La Commissaire aux droits de l'homme du Conseil de l'Europe dénonce une «violation des droits»

Le jugement, conforme au souhait du parti nationaliste au pouvoir, Droit et justice (PiS), restreint le droit à l'avortement aux seuls cas de danger de mort pour la femme enceinte et de grossesses résultant d'un viol ou d'un inceste. La présidence polonaise et l'épiscopat de Pologne ont exprimé leur «satisfaction» après le jugement du Tribunal, réformé par le gouvernement du PiS et accusé depuis de compter dans ses rangs nombre de juges loyaux à ce parti.

La Commissaire aux droits de l'homme du Conseil de l'Europe, Dunja Mijatovic, avait réagi le 22 octobre à la décision du Tribunal constitutionnel, dénonçant dans un communiqué une «violation des droits de l'homme». Le chef du Parti populaire européen (PPE), ex-président du Conseil européen et ancien Premier ministre polonais, Donald Tusk, a quant à lui pointé une «crapulerie politique».

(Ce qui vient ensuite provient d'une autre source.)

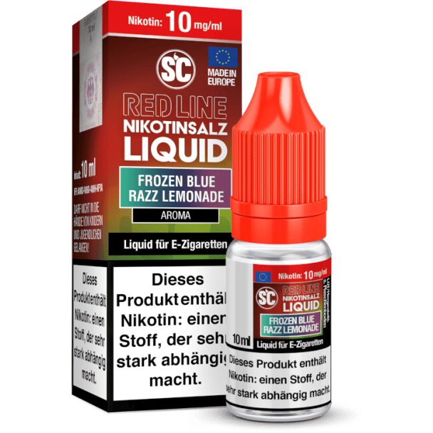 Das Nikotinsalz Liquid "Frozen Blue Razz Lemonade" von SC, zugehörig zur Red Line Serie, ist eine gebrauchsfertige Flüssigkeit für E-Zigaretten. Es zeichnet sich durch ein Geschmacksprofil aus, das Aromen von Blaubeere, Himbeere und Zitrone mit einer kühlen Note vereint. Dieses Produkt wird in einer 10 ml Liquidflasche angeboten und ist in den Nikotinstärken 0 mg/ml, 5 mg/ml, 10 mg/ml sowie 20 mg/ml verfügbar.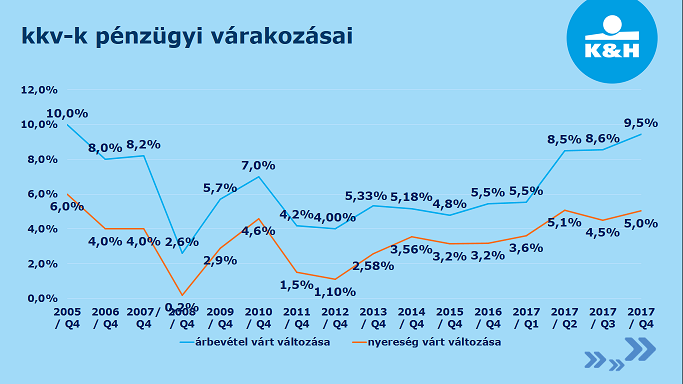 Úgy tűnik, nem lesznek idén anyagi gondjaik a hazai cégeknek. „Igen jó év elé nézhetnek a vállalkozások, ugyanis a K&H kkv bizalmi index kutatásunk legutóbbi adatai szerint jelenleg átlagosan 9,5%-os árbevétel-növekedést és 5%-os nyereségbővülést valószínűsítenek idén a hazai mikro-, kis- és középvállalkozások. Az árbevételt tekintve több mint 10 éve nem vártak ilyen magas növekedést a cégek, a nyereségbővülés várt mértéke pedig az előző negyedévi visszaesést követően visszakorrigált egy kedvezőbb szintre” – részletezte az eredményeket Kovács Viktor Zoltán, a K&H kkv marketing főosztály vezetője.

Selon les données officielles, la Pologne, pays comptant 38 millions d'habitants, a enregistré en 2019 seulement 1 100 cas d'IVG environ, dont l'écrasante majorité était autorisée à cause d'une malformation irréversible du fœtus. Selon des ONG, le nombre d'IVG pratiquées clandestinement en Pologne ou dans des cliniques étrangères pourrait atteindre près de 200 000 par an.